### Records for the task

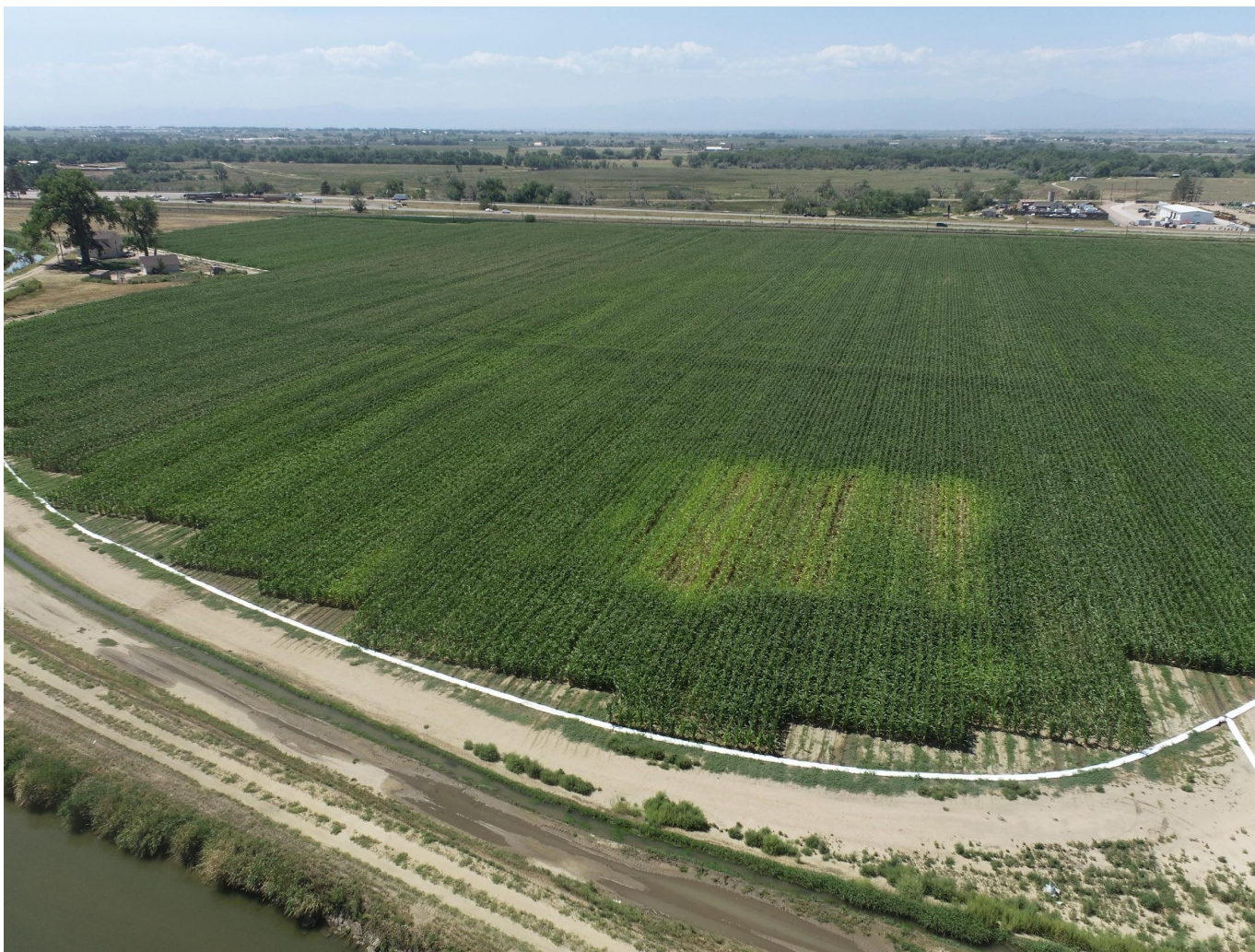
Photo 6. Drone aerial imagery taken east of well location, facing west (displaying the well, well access roads, and presumed flowline).
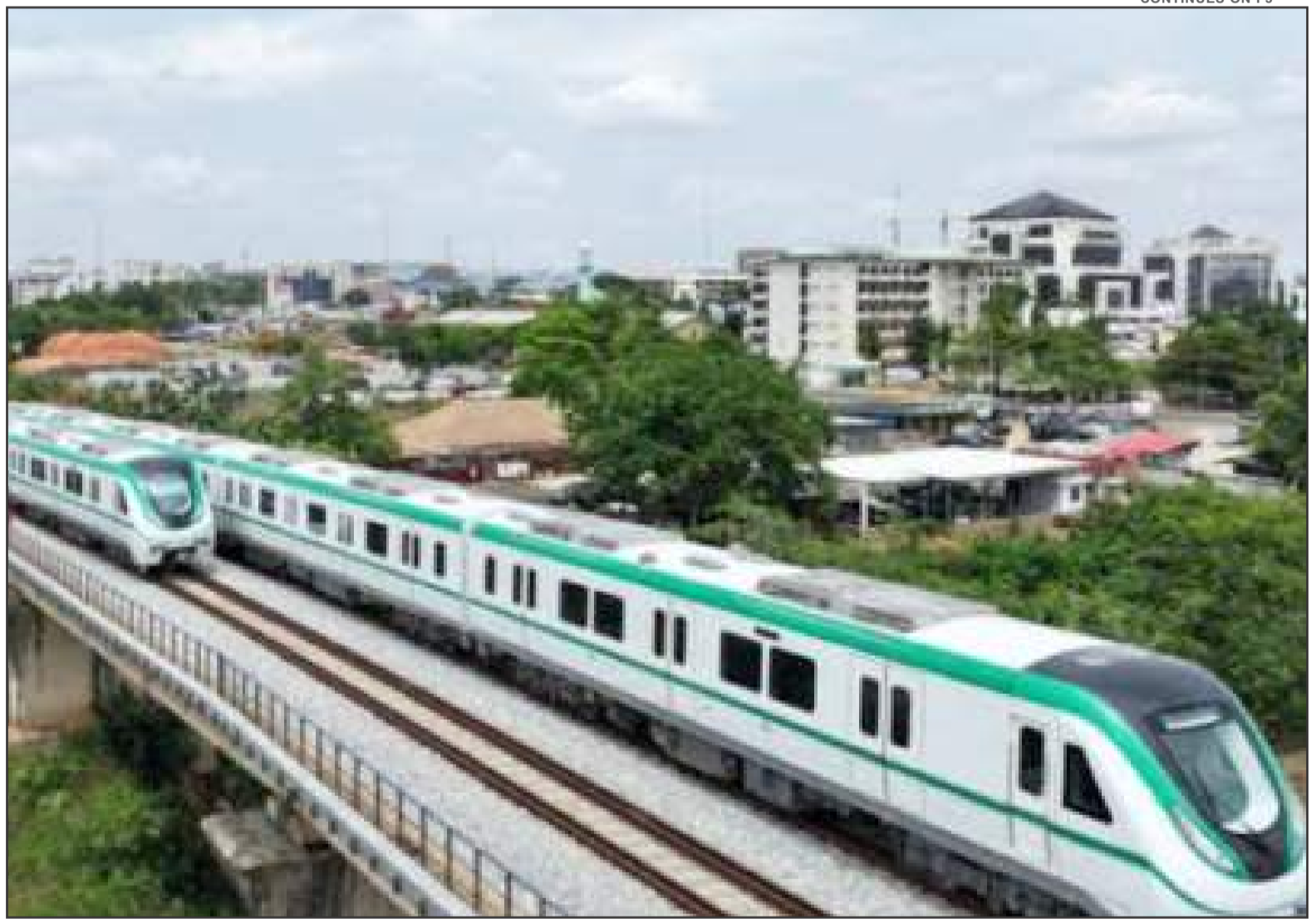
Abuja Rail Service

AGF Aviation Leases Two Aircraft To Cally Air P3
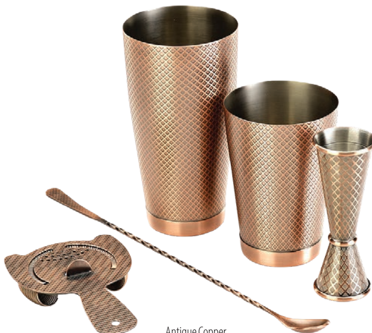
Antique Copper M37206ACP
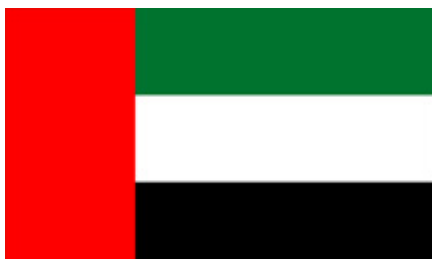
United Arab Emirates—listed the Nusra Front as a terrorist organization on November 15, 2014. 202
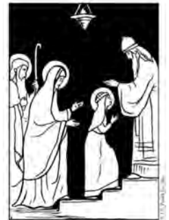
Presentation of the Blessed Virgin Mary
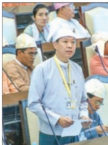
Union Minister for Education Dr Myo Thein Gyi.

SAFE staff quarters will be built for teachers working in the country's remote areas, Union Minister for Education Dr Myo Thein
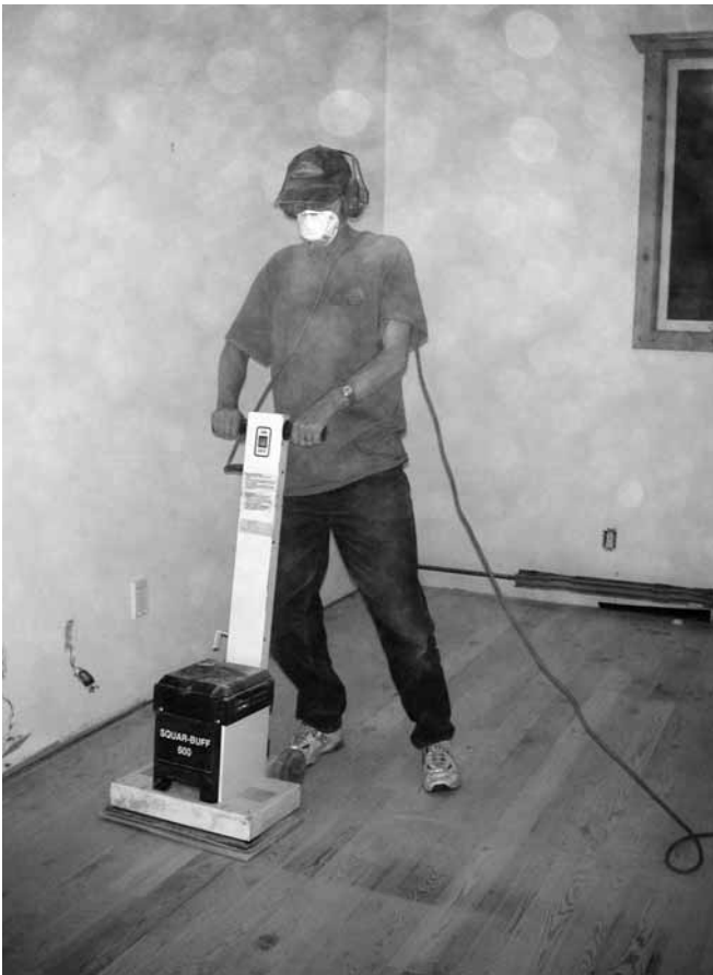
laying, sanding & filling fir flooring
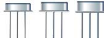
B3 BS B4
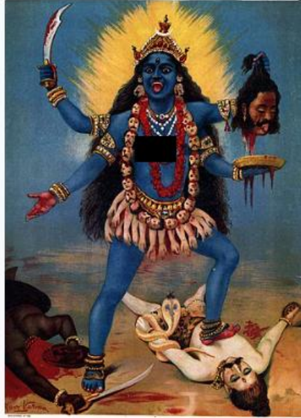
Samhara Kali by Raja Ravi Varma

Kali, mother goddess; goddess of war, anger, time, change, creation, destruction and power. Member of the Ten Mahavidyas. Samhara Kali by Raja Ravi Varma

### Task brief
Of the lines above, show those in which "Kali" appears.

### Output for this exercise
Samhara Kali by Raja Ravi Varma
Kali, mother goddess; goddess of war, anger, time, change, creation, destruction and power. Member of the Ten Mahavidyas. Samhara Kali by Raja Ravi Varma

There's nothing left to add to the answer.